%%

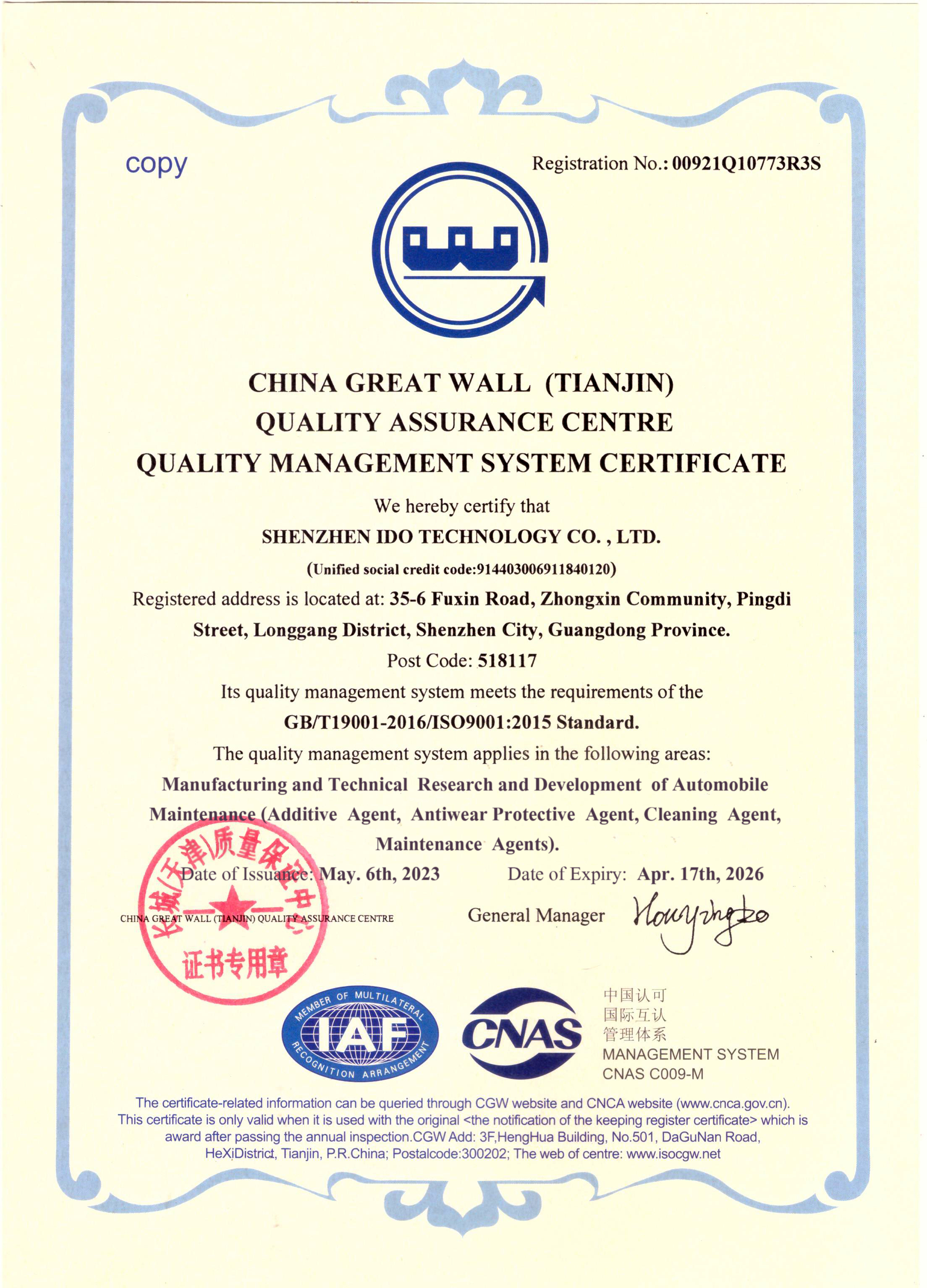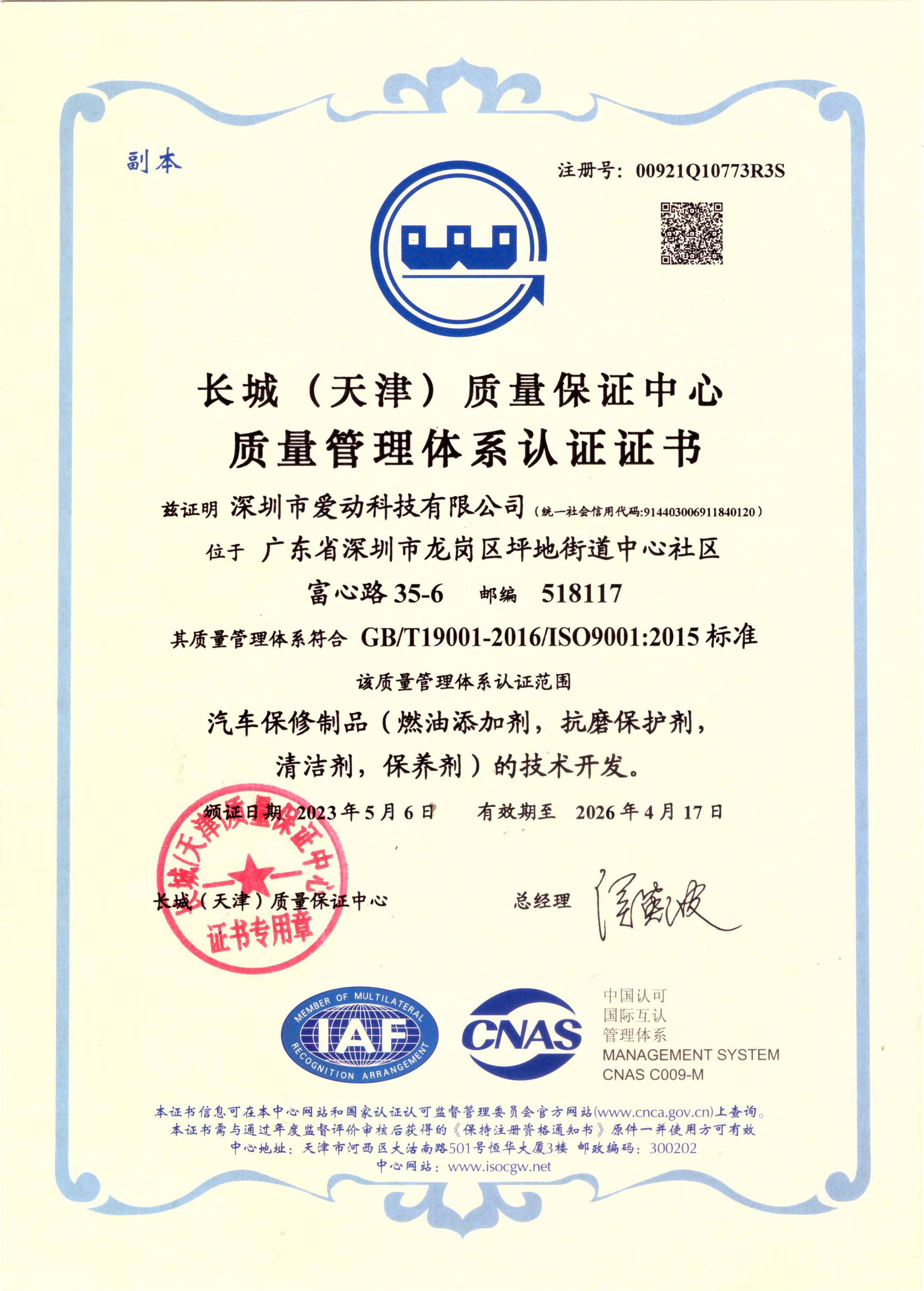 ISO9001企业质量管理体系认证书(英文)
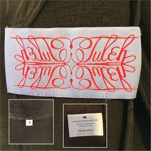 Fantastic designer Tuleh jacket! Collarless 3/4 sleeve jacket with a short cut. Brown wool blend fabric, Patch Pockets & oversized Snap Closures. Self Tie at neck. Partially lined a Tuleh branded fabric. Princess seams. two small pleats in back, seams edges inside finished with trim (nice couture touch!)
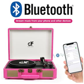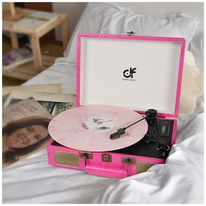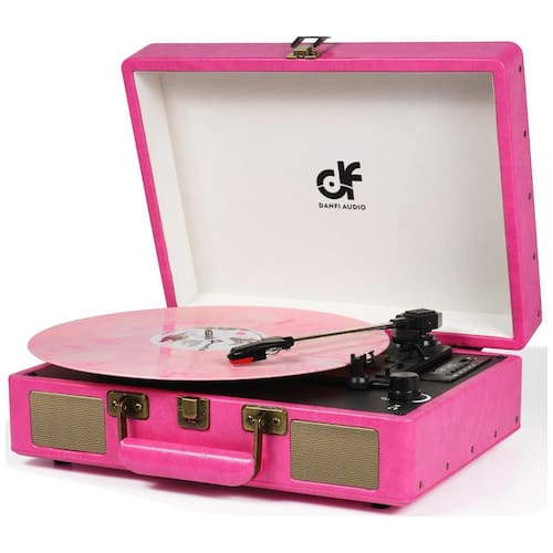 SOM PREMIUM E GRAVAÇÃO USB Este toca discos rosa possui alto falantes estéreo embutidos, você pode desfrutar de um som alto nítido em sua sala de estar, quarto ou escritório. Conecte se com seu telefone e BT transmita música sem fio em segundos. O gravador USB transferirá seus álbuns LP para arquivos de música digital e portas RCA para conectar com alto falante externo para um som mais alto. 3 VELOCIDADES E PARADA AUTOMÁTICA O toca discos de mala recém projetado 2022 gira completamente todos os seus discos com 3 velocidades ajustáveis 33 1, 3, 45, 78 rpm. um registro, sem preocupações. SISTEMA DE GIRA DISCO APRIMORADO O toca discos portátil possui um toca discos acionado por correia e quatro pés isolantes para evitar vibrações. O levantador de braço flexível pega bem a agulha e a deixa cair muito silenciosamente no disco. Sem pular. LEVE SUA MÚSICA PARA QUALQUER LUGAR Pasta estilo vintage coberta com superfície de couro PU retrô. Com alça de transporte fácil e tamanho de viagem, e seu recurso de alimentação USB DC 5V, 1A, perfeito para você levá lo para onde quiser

%%

Description of the task:
Copy nothing but the lines from the top of the material through the line holding "Fantastic designer Tuleh", exactly as written; omit pictures.

Result of the task:
 ISO9001企业质量管理体系认证书(英文)
 Fantastic designer Tuleh jacket! Collarless 3/4 sleeve jacket with a short cut. Brown wool blend fabric, Patch Pockets & oversized Snap Closures. Self Tie at neck. Partially lined a Tuleh branded fabric. Princess seams. two small pleats in back, seams edges inside finished with trim (nice couture touch!)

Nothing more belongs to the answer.